*** Block opens ***

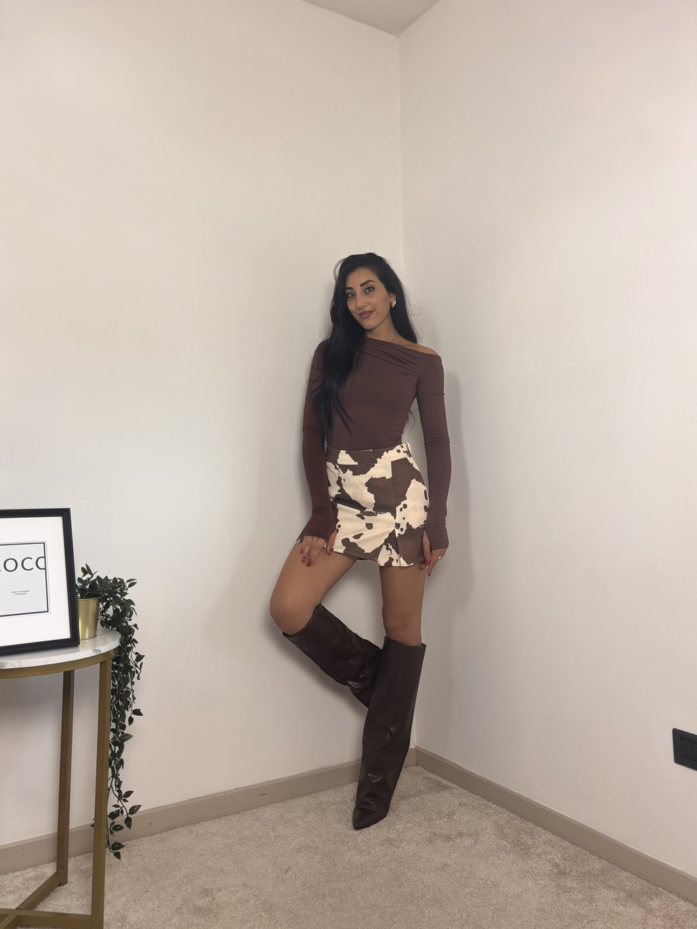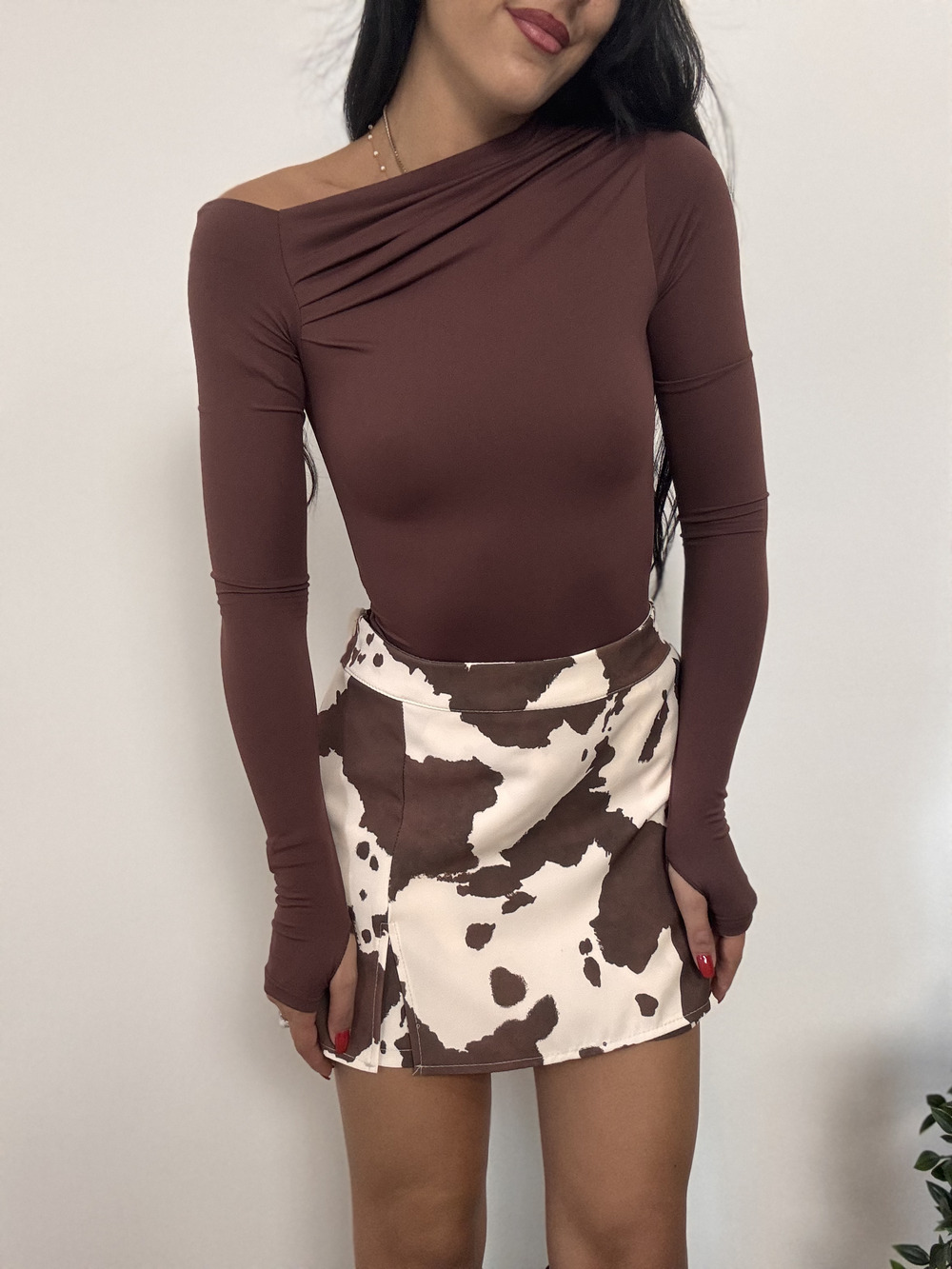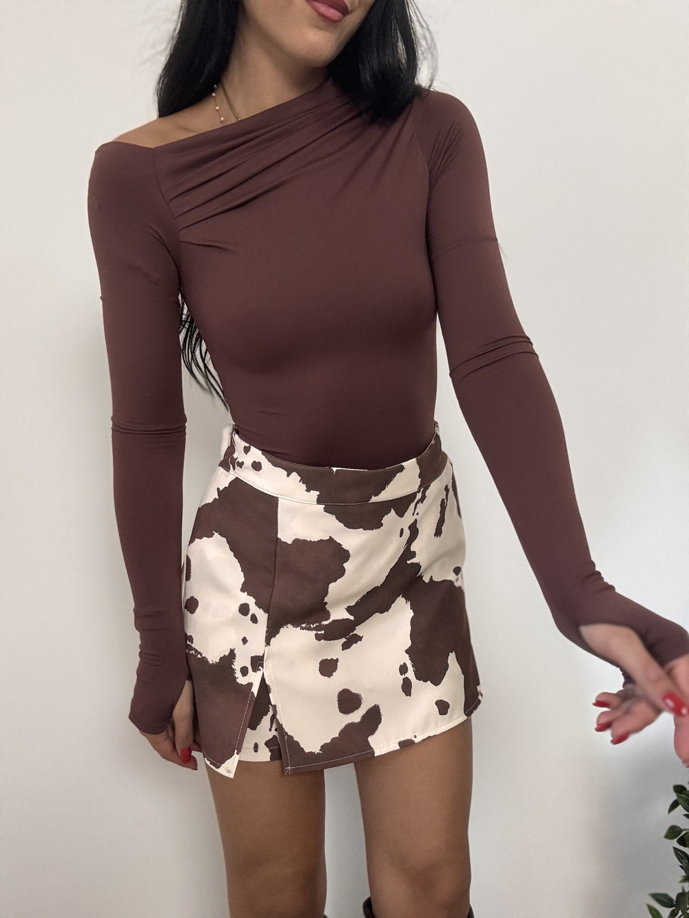 Mini gonna a pantaloncino con stampa muccata panna e marrone.
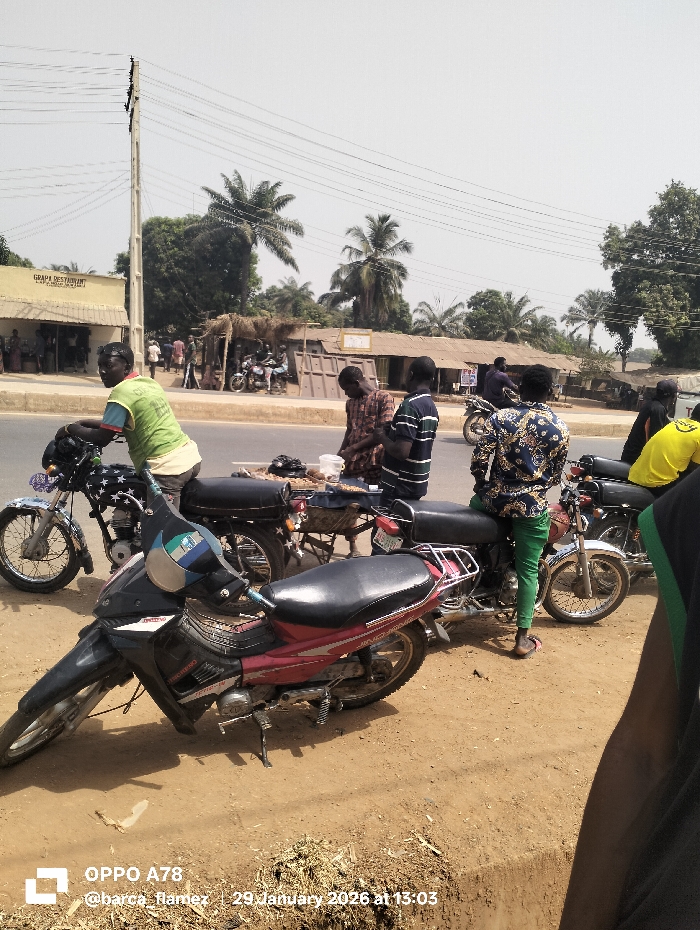 The image depicts a bright daytime street scene in Ube, Nigeria
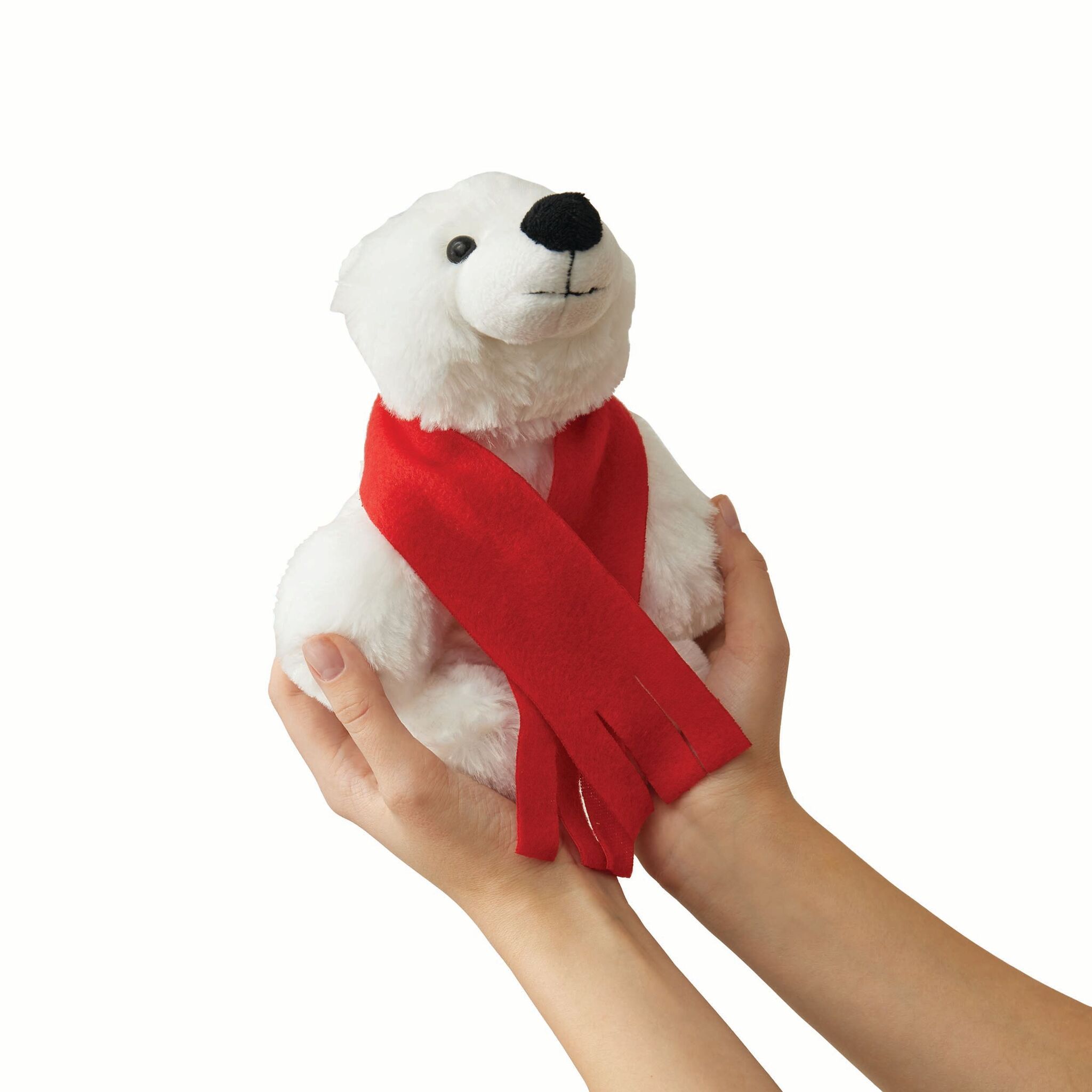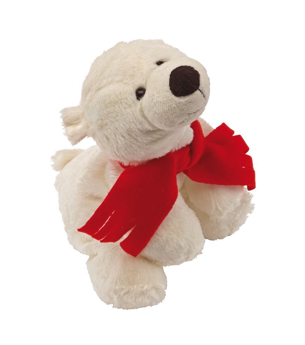 Плюшевый белый медведь LARS с мягким мехом и шарфом для нанесения логотипа (шарфы упакованы отдельно)
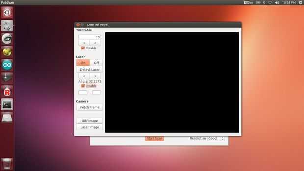 Vamos a utilizar la imagen de "FabScan Ubuntu Live DVD" que fue creada por Mario Lukas. Se puede descargar desde aquí, esta imagen ha preinstalado el software de FabScan. Puede grabar la imagen en una unidad flash con Win32DiskImager (enlace de descarga) y utilizarlo sin necesidad de instalar el sistema operativo linux en su sistema. Puede encontrar más opciones para otros sistemas operativos aquí.
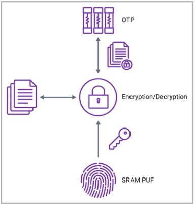 This layered defense ensures OTP contents are protected even if attackers gain physical access. The main advantage is that the root key used to derive the keys needed for encryption is never stored—it is dynamically regenerated from the silicon itself using SRAM PUF technology.
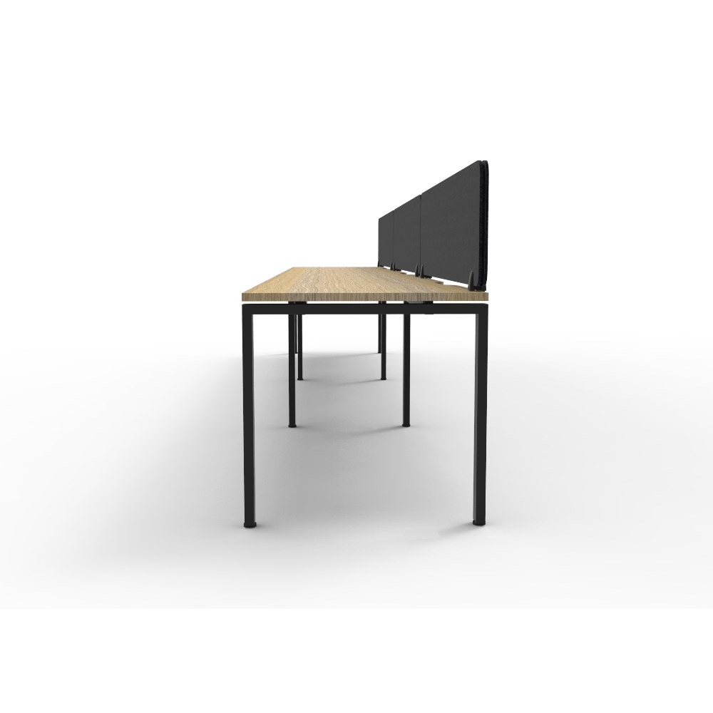 • 3 person single sided workstation with Natural Oak top and Black Satin frame, Black Eco screen.
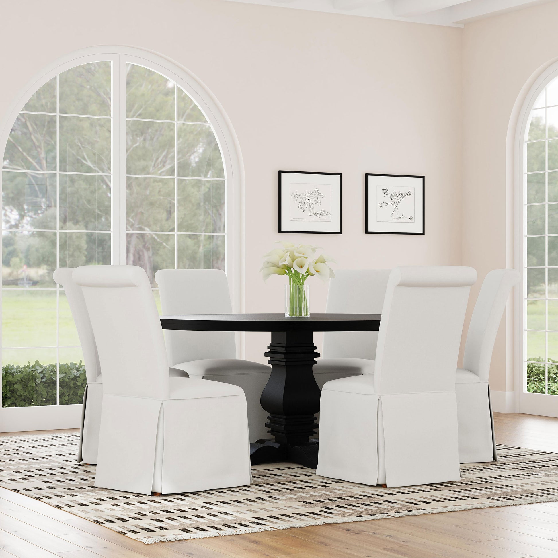 • Neutral color allows versatility, blending beautifully with a variety of dining room decor schemes
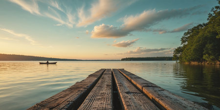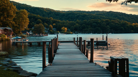 The tranquil dock emerges from the calm water as the sun rises, casting vibrant hues across the horizon. Morning light creates a serene atmosphere ideal for reflection. Generative AI.

*** Block closes ***

• Exercise requirements
Up to and including the line with "This layered defense", copy the data above from its first line. Skip pictures.

• Response to this exercise
 Mini gonna a pantaloncino con stampa muccata panna e marrone.
 The image depicts a bright daytime street scene in Ube, Nigeria
 Плюшевый белый медведь LARS с мягким мехом и шарфом для нанесения логотипа (шарфы упакованы отдельно)
 Vamos a utilizar la imagen de "FabScan Ubuntu Live DVD" que fue creada por Mario Lukas. Se puede descargar desde aquí, esta imagen ha preinstalado el software de FabScan. Puede grabar la imagen en una unidad flash con Win32DiskImager (enlace de descarga) y utilizarlo sin necesidad de instalar el sistema operativo linux en su sistema. Puede encontrar más opciones para otros sistemas operativos aquí.
 This layered defense ensures OTP contents are protected even if attackers gain physical access. The main advantage is that the root key used to derive the keys needed for encryption is never stored—it is dynamically regenerated from the silicon itself using SRAM PUF technology.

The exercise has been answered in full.